In [None]:
import pandas as pd
import numpy as np
from sklearn.model_selection import train_test_split
from sklearn.metrics import mutual_info_score
from sklearn.feature_extraction import DictVectorizer
from sklearn.linear_model import LogisticRegression
import matplotlib.pyplot as plt
import seaborn as sns

In [None]:
df = pd.read_csv("course_lead_scoring.csv")
df.head()

In [None]:
df.dtypes

In [None]:
def fill_na(df, column, value):
    df[column] = df[column].fillna(value)
    return df

df = fill_na(df, ['lead_source', 'industry', 'employment_status', 'location'], 'NA')
df = fill_na(df, 'annual_income', 0)

### Question 1

What is the most frequent observation (mode) for the column `industry`?

- NA
- technology
- healthcare
- __retail__

In [None]:
df.industry.value_counts()

In [None]:
num_features = ['number_of_courses_viewed', 'annual_income', 'interaction_count', 'lead_score']
cat_features = df.select_dtypes(include=['object']).columns.tolist()

df_numeric = df[num_features]
df_categorical = df[cat_features]

corr_matrix = df_numeric.corr()
print(corr_matrix)

plt.figure(figsize=(8,6))
sns.heatmap(corr_matrix, annot=True, cmap='coolwarm', fmt=".2f")
plt.title("Correlation Matrix")
plt.show()

What are the two features that have the biggest correlation?

- interaction_count and lead_score
- number_of_courses_viewed and lead_score
- __number_of_courses_viewed and interaction_count__
- annual_income and lead_score

In [None]:
df_full_train, df_test = train_test_split(df, test_size=0.2, random_state=42)
df_train, df_val = train_test_split(df_full_train, test_size=0.25, random_state=42)

df_train.reset_index(drop=True, inplace=True)
df_val.reset_index(drop=True, inplace=True)
df_test.reset_index(drop=True, inplace=True)

y_train = df_train.converted.values
y_val = df_val.converted.values
y_test = df_test.converted.values

del df_train['converted']
del df_val['converted']
del df_test['converted']

In [None]:
def mutual_info_cat(df, y, cat_features):
    mi_scores = {}
    for feature in cat_features:
        mi = round(mutual_info_score(y, df[feature]),2)
        mi_scores[feature] = mi
    return mi_scores

mutual_info_cat(df_train, y_train, cat_features)

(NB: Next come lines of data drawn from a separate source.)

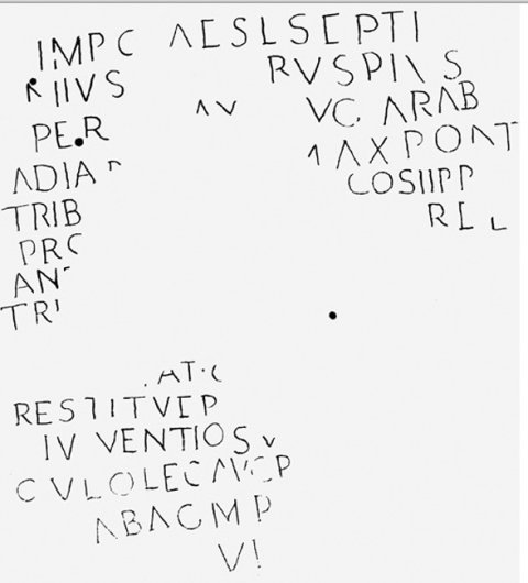 - Imp(erator) Caes(ar) L(ucius) Septi/mius [Seve]rus Pius / Per[tin]ax [A]ug(ustus) Arab(icus) / Adiab(enicus) [Parth(icus)] max(imus) pont(ifex) [max(imus)] / trib(unicia) p[ot(estate) XVI imp(erator) XII] co(n)s(ul) II p(ater) p(atriae) / pro[co(n)s(ul) et Imp(erator) Caes(ar) M(arcus) Au]rel(ius) / Ant[oninus Pius Aug(ustus)] / tri[b(unicia) pot(estate) IIII proco(n)s(ul) et] / [[[P(ublius) Sept(imius) Geta nob(ilissimus) Caes(ar)]]] / [miliaria vetust]at(e) [conlapsa] / restitueru[nt curante] / [M(arco)] Iuventio Sur[o Pro]/culo leg(ato) Aug(usti) p[r(o) pr(aetore)] / ab Ag(unto) m(ilia) p(assuum) / VI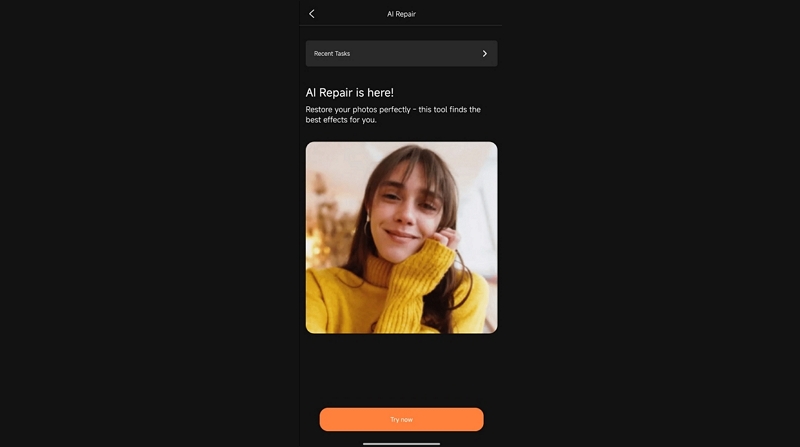 After installing and launching the mobile application, select the “AI Repair” tool, then click “Try Now” to proceed.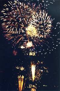 大家和祭的名产活动,约有1000发烟花,回响在对岸的岛根半岛的烟花炸裂声充满震撼力。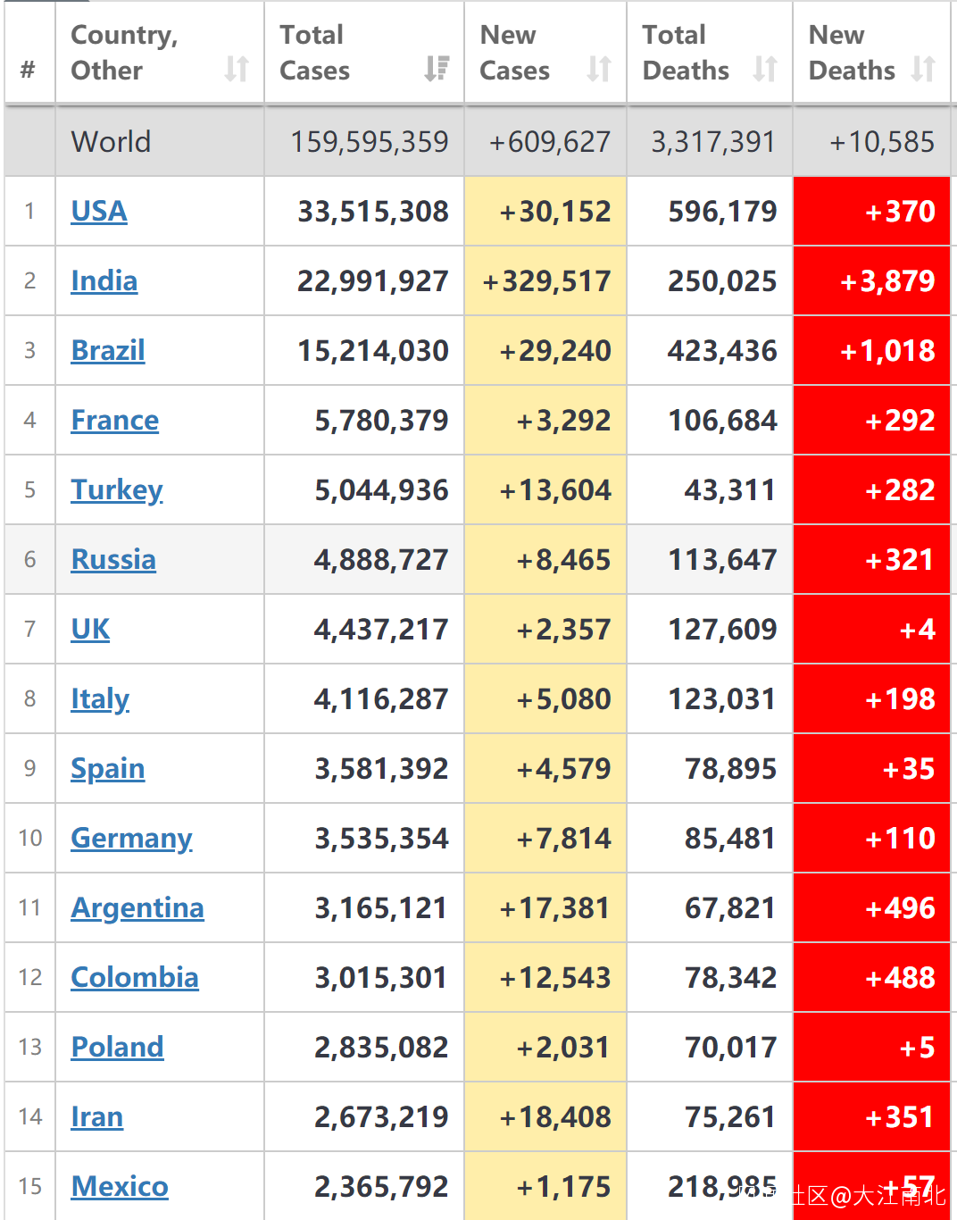 5月10日,全球新增新冠確診61.3萬例;累計確診1.596億例;新增病亡1.06萬例;累計病亡331.7萬例。

Which of these variables has the biggest mutual information score?
  
- industry
- location
- __lead_source__
- employment_status

In [None]:
train_dicts = df_train.to_dict(orient='records')
train_dicts[0]
dv = DictVectorizer(sparse=False)
X_train = dv.fit_transform(train_dicts)

val_dicts = df_val.to_dict(orient='records')
X_val = dv.transform(val_dicts)

In [None]:
model = LogisticRegression(solver='liblinear', C=1.0, max_iter=1000, random_state=42)
model.fit(X_train, y_train)

In [None]:
y_pred = model.predict_proba(X_val)[:, 1]
y_pred
converted_descision = y_pred >= 0.5
(y_val == converted_descision).mean()

What accuracy did you get?

- 0.64
- __0.74__
- 0.84
- 0.94

In [None]:
def train_model(df_train, df_val, y_train, y_val, C=1.0):
    train_dicts = df_train.to_dict(orient='records')
    dv = DictVectorizer(sparse=False)
    X_train = dv.fit_transform(train_dicts)

    val_dicts = df_val.to_dict(orient='records')
    X_val = dv.transform(val_dicts)

    model = LogisticRegression(solver='liblinear', C=C, max_iter=1000, random_state=42)
    model.fit(X_train, y_train)

    y_pred = model.predict_proba(X_val)[:, 1]
    converted_descision = y_pred >= 0.5
    accuracy = (y_val == converted_descision).mean()
    return accuracy

In [None]:
print(train_model(df_train, df_val, y_train, y_val))
print(train_model(df_train[['lead_source',
 'number_of_courses_viewed',
 'annual_income',
 'employment_status',
 'location',
 'interaction_count',
 'lead_score']],df_val, y_train, y_val))

print(train_model(df_train[['lead_source',
 'number_of_courses_viewed',
 'annual_income',
 'industry',
 'location',
 'interaction_count',
 'lead_score']],df_val, y_train, y_val))

print(train_model(df_train[['lead_source',
 'number_of_courses_viewed',
 'annual_income',
 'industry',
 'location',
 'interaction_count',
 'employment_status']],df_val, y_train, y_val))


Which of following feature has the smallest difference?

- __'industry'__
- 'employment_status'
- 'lead_score'

In [None]:
for c in [0.01, 0.1, 1, 10, 100]:
    print(f"C={c}")
    print(train_model(df_train, df_val, y_train, y_val, C=c))

Which of these `C` leads to the best accuracy on the validation set?

- __0.01__
- 0.1
- 1
- 10
- 100

**Note**: If there are multiple options, select the smallest `C`.